> **EXERCISE REQUIREMENTS**
Begin at the line below that has "The average 4K". Stop after the line that has "O MBUX Hyperscreen", repeating each line exactly and leaving out the pictures.

> **PROVIDED RECORDS**
....

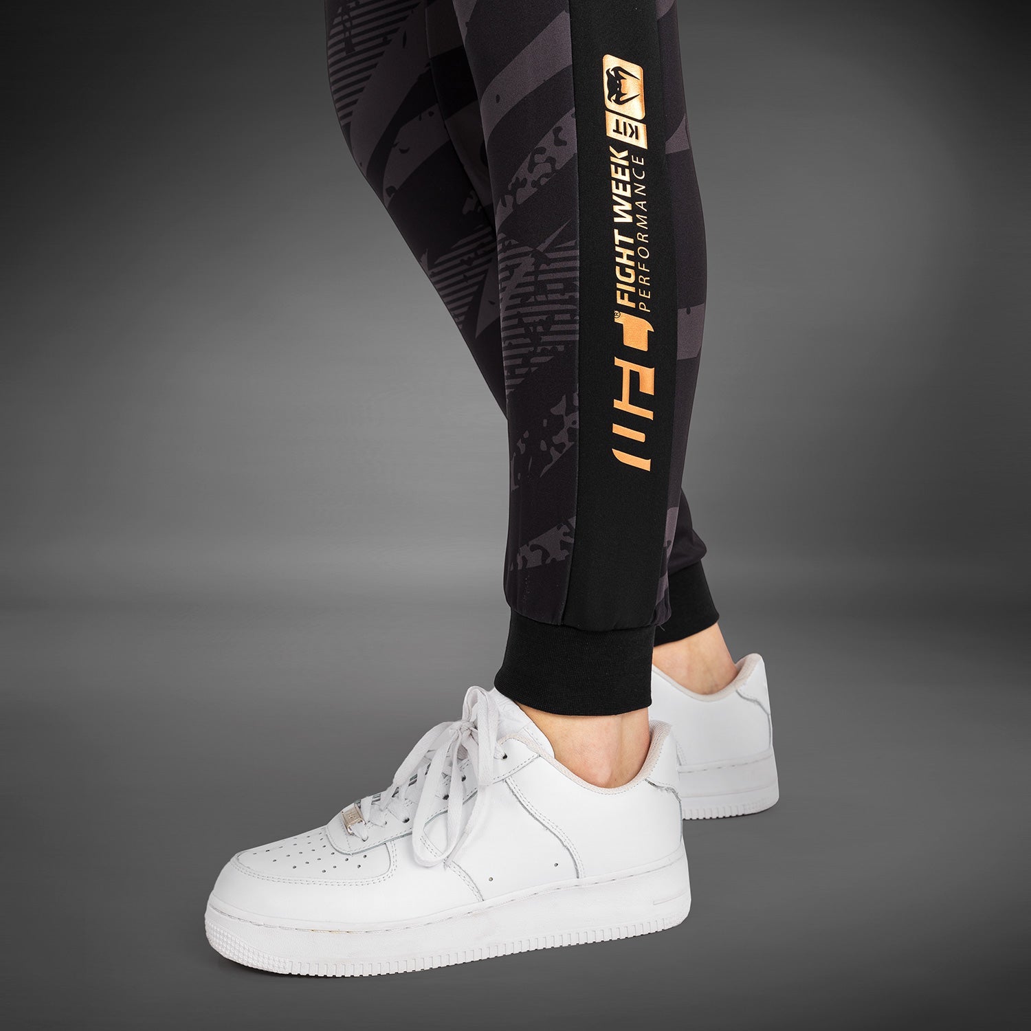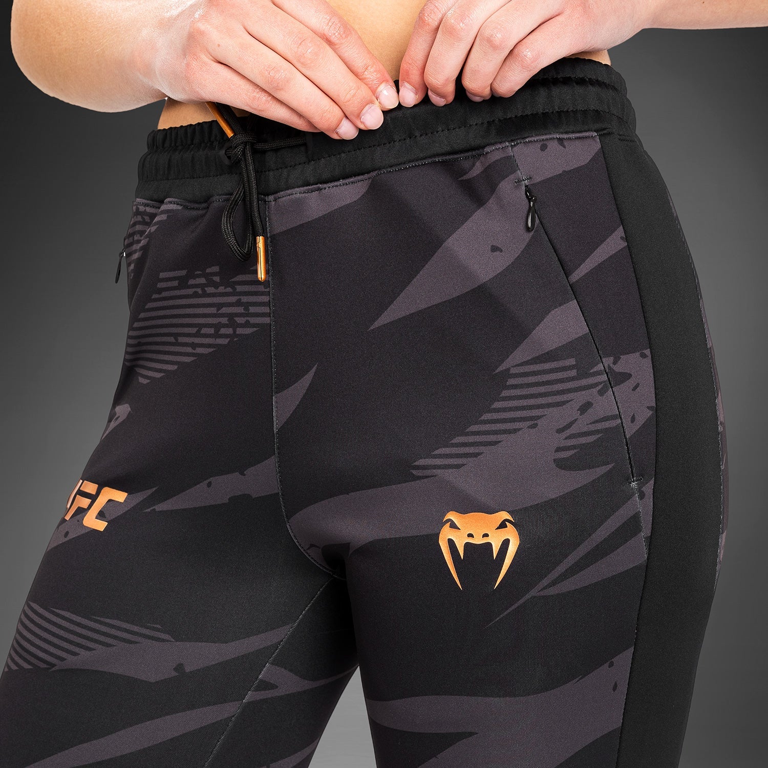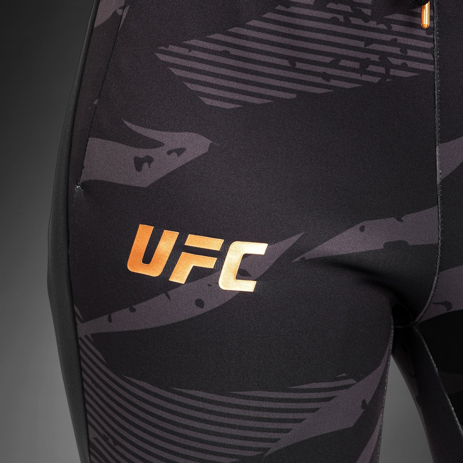 Son imprimé camouflage audacieux, agrémenté des logos en bronze de Venum et de l'UFC, s'inspire des athlètes qui pénètrent dans l'Octogone, prêts à frapper et à riposter.
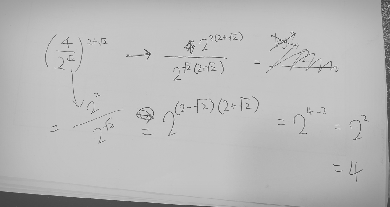 동료는 지수를 각 수에 곱해 소거하는 방법, 나는 지수 법칙과 (a-b)(a+b) 공식을 활용해 풀었다.
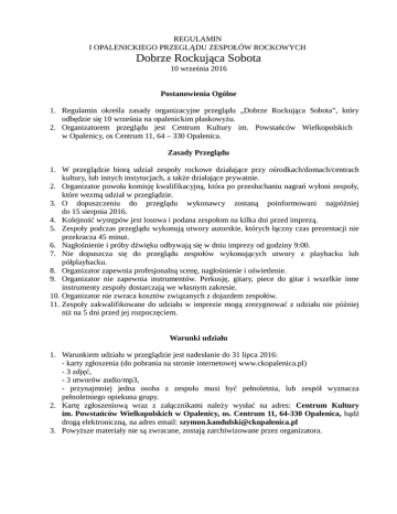 REGULAMIN I OPALENICKIEGO PRZEGLĄDU ZESPOŁÓW ROCKOWYCH Dobrze Rockująca Sobota 10 września 2016 Postanowienia Ogólne 1. Regulamin określa zasady organizacyjne przeglądu „Dobrze Rockująca Sobota”, który odbędzie się 10 września na opalenickim płaskowyżu. 2. Organizatorem przeglądu jest Centrum Kultury im. Powstańców Wielkopolskich w Opalenicy, os Centrum 11, 64 – 330 Opalenica. Zasady Przeglądu 1. W przeglądzie biorą udział zespoły rockowe działające przy ośrodkach/domach/centrach kultury, lub innych instytucjach, a także działające prywatnie. 2. Organizator powoła komisję kwalifikacyjną, która po przesłuchaniu nagrań wyłoni zespoły, które wezmą udział w przeglądzie. 3. O dopuszczeniu do przeglądu wykonawcy zostaną poinformowani najpóźniej do 15 sierpnia 2016. 4. Kolejność występów jest losowa i podana zespołom na kilka dni przed imprezą. 5. Zespoły podczas przeglądu wykonują utwory autorskie, których łączny czas prezentacji nie przekracza 45 minut. 6. Nagłośnienie i próby dźwięku odbywają się w dniu imprezy od godziny 9:00. 7. Nie dopuszcza się do przeglądu zespołów wykonujących utwory z playbacku lub półplaybacku. 8. Organizator zapewnia profesjonalną scenę, nagłośnienie i oświetlenie. 9. Organizator nie zapewnia instrumentów. Perkusję, gitary, piece do gitar i wszelkie inne instrumenty zespoły dostarczają we własnym zakresie. 10. Organizator nie zwraca kosztów związanych z dojazdem zespołów. 11. Zespoły zakwalifikowane do udziału w imprezie mogą zrezygnować z udziału nie później niż na 5 dni przed jej rozpoczęciem. Warunki udziału 1. Warunkiem udziału w przeglądzie jest nadesłanie do 31 lipca 2016: - karty zgłoszenia (do pobrania na stronie internetowej www.ckopalenica.pl) - 3 zdjęć, - 3 utworów audio/mp3, - przynajmniej jedna osoba z zespołu musi być pełnoletnia, lub zespół wyznacza pełnoletniego opiekuna grupy. 2. Kartę zgłoszeniową wraz z załącznikami należy wysłać na adres: Centrum Kultury im. Powstańców Wielkopolskich w Opalenicy, os. Centrum 11, 64-330 Opalenica, bądź drogą elektroniczną, na adres email: [email protected] 3. Powyższe materiały nie są zwracane, zostają zarchiwizowane przez organizatora. Postanowienia końcowe 1. Zespół zgłoszony do przeglądu wyraża zgodę na przetwarzanie danych osobowych dla potrzeb przeglądu (zgodnie z ustawą z dnia 29 sierpnia 1997r. o ochronie danych osobowych, DZ.U. Nr 133, poz. 883). 2. Organizator zastrzega sobie prawo do nieodpłatnego wykorzystania nadesłanych i wykonanych podczas przeglądu materiałów do spotów telewizyjnych, internetowych, programów telewizyjnych, audycji radiowych, oraz wszelkich prezentacji multimedialnych, prasowych, audio, i video, promujących przegląd. 3. Zgłaszający się zespół ponosi pełną odpowiedzialność za zgodność z prawdą danych umieszczonych w karcie zgłoszenia. Podanie nieprawdziwych danych, lub niepełnych danych osobowych, bądź nie podanie ich wcale, może skutkować wykluczeniem z przeglądu. 4. Zespół zgłaszający się do przeglądu oświadcza, ze posiada prawa autorskie do wykonywanych kompozycji i jest ich wyłącznym autorem. Organizator nie ponosi odpowiedzialności za wynikłe z tego powodu roszczenia osób trzecich. W przypadku naruszenia praw autorskich, osoba zgłaszająca zespół ponosi pełną odpowiedzialność za nieprawidłowości z tym związane. 5. Zgłoszenie do udziału w przeglądzie jest jednoznaczne z akceptacją niniejszego regulaminu. 6. Kwestie sporne i niezapisane w regulaminie rozstrzyga organizator. Decyzja ta jest niepodważalna. 7. W sprawach nieobjętych regulaminem mają zastosowanie przepisy Kodeksu Cywilnego.
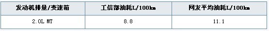 2.0L发动机动力参数:最大功率110kW/6000rpm;最大扭矩180N·m/4500rpm
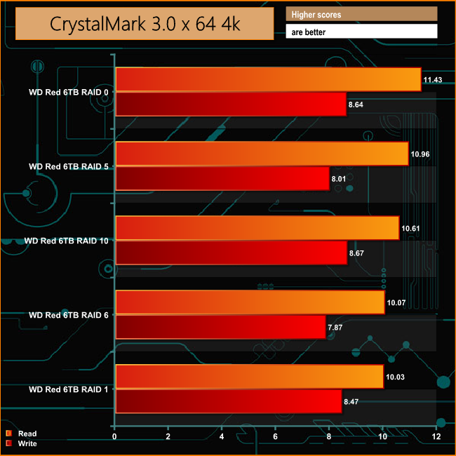 The average 4K read performance of the TS-453B is marginally faster at 10.62MB/s than the write at 8.33MB/s.
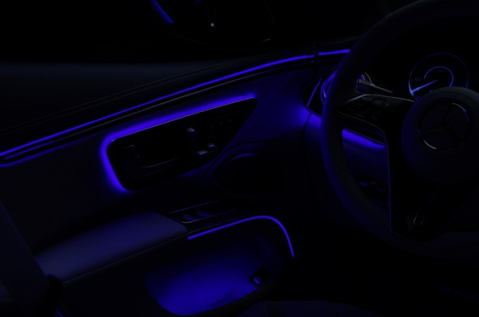 O MBUX Hyperscreen é o destaque absoluto no interior. Este ecrã curvilíneo de grandes dimensões prolonga-se praticamente desde um pilar A ao outro. Estão instalados três ecrãs atrás de um vidro de cobertura que aparentam formar uma única unidade. O ecrã OLED de 12.3 polegadas para o passageiro dianteiro é o ecrã do próprio passageiro dianteiro e a sua área de controlo. As funções de entretenimento apenas estão disponíveis quando o veículo estiver a ser conduzido de acordo com a legislação específica do país. A Mercedes-EQ utiliza uma lógica de bloqueio inteligente com recurso a uma câmara: se a câmara detetar que o condutor está a olhar para o ecrã do passageiro dianteiro, a luminosidade do ecrã é automaticamente reduzida.
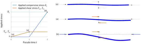 However, since constantly increased compressive displacement was applied as a boundary condition of the present numerical model, the snap-back of the displacement observed after the peak point in the theoretical model could not be reproduced in the numerical model. Instead, the displacement in the numerical model leaped to the equilibrium state with the increased displacement. This result is natural because it is quite difficult to trace the decrease in both stress and strain in physical tests, and the same response in the present numerical result can be observed in a compressive test with displacement-controlled loading. After the point of the leap, the relationships between compressive stress and normal strain and that between the stress and shear strain were correctly captured.
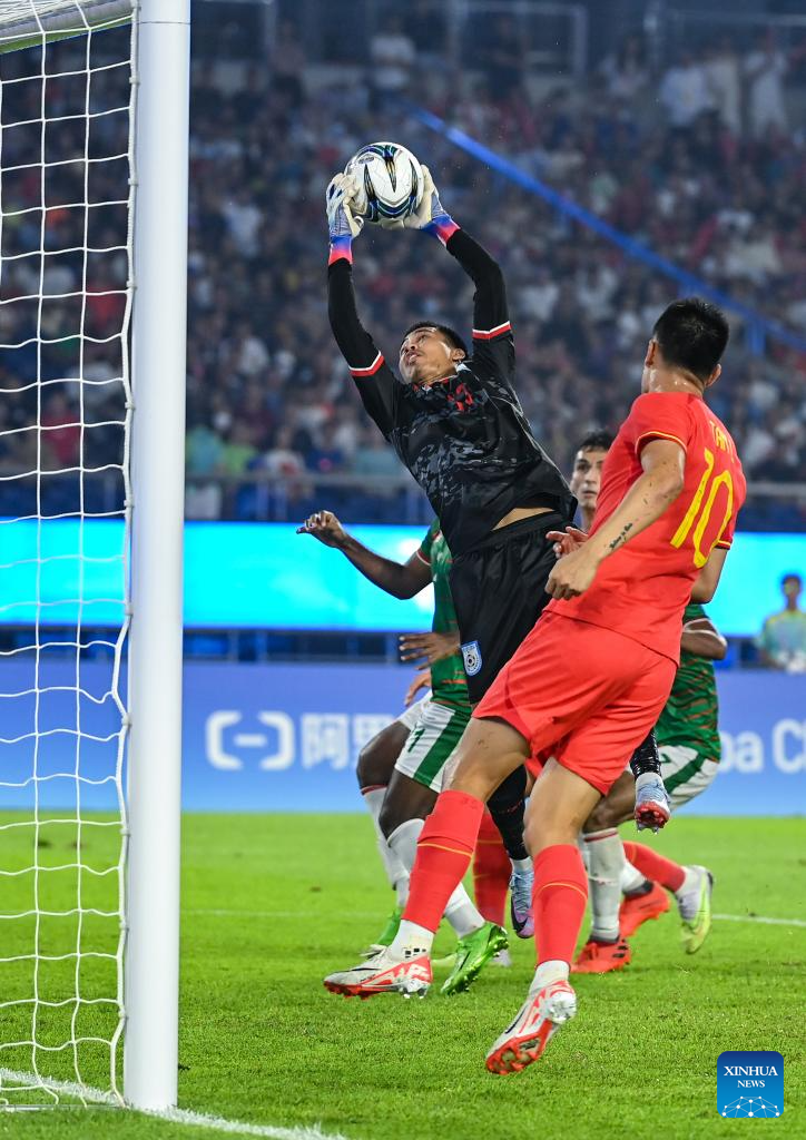 Marma Mitul (1st, L) , goalkeeper of Bangladesh, competes during the Men's First Round Group A match of Football between China and Bangladesh at the 19th Asian Games in Hangzhou, east China's Zhejiang Province, Sept. 24, 2023. (Xinhua/Yan Linyun)
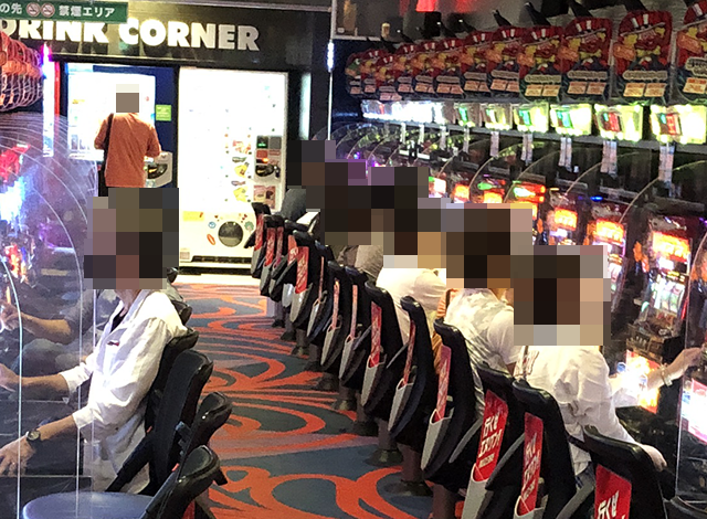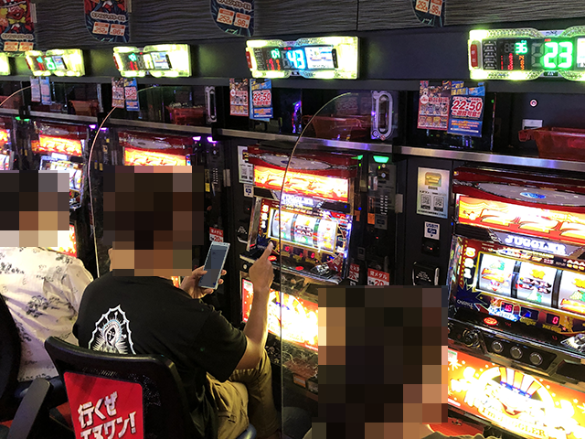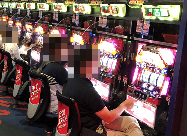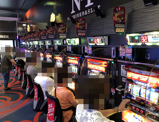 8月7日は多くのプレイヤーが来店しており、パチンコとパチスロの両方がにぎわっていた。

....

> **THE ANSWER**
 The average 4K read performance of the TS-453B is marginally faster at 10.62MB/s than the write at 8.33MB/s.
 O MBUX Hyperscreen é o destaque absoluto no interior. Este ecrã curvilíneo de grandes dimensões prolonga-se praticamente desde um pilar A ao outro. Estão instalados três ecrãs atrás de um vidro de cobertura que aparentam formar uma única unidade. O ecrã OLED de 12.3 polegadas para o passageiro dianteiro é o ecrã do próprio passageiro dianteiro e a sua área de controlo. As funções de entretenimento apenas estão disponíveis quando o veículo estiver a ser conduzido de acordo com a legislação específica do país. A Mercedes-EQ utiliza uma lógica de bloqueio inteligente com recurso a uma câmara: se a câmara detetar que o condutor está a olhar para o ecrã do passageiro dianteiro, a luminosidade do ecrã é automaticamente reduzida.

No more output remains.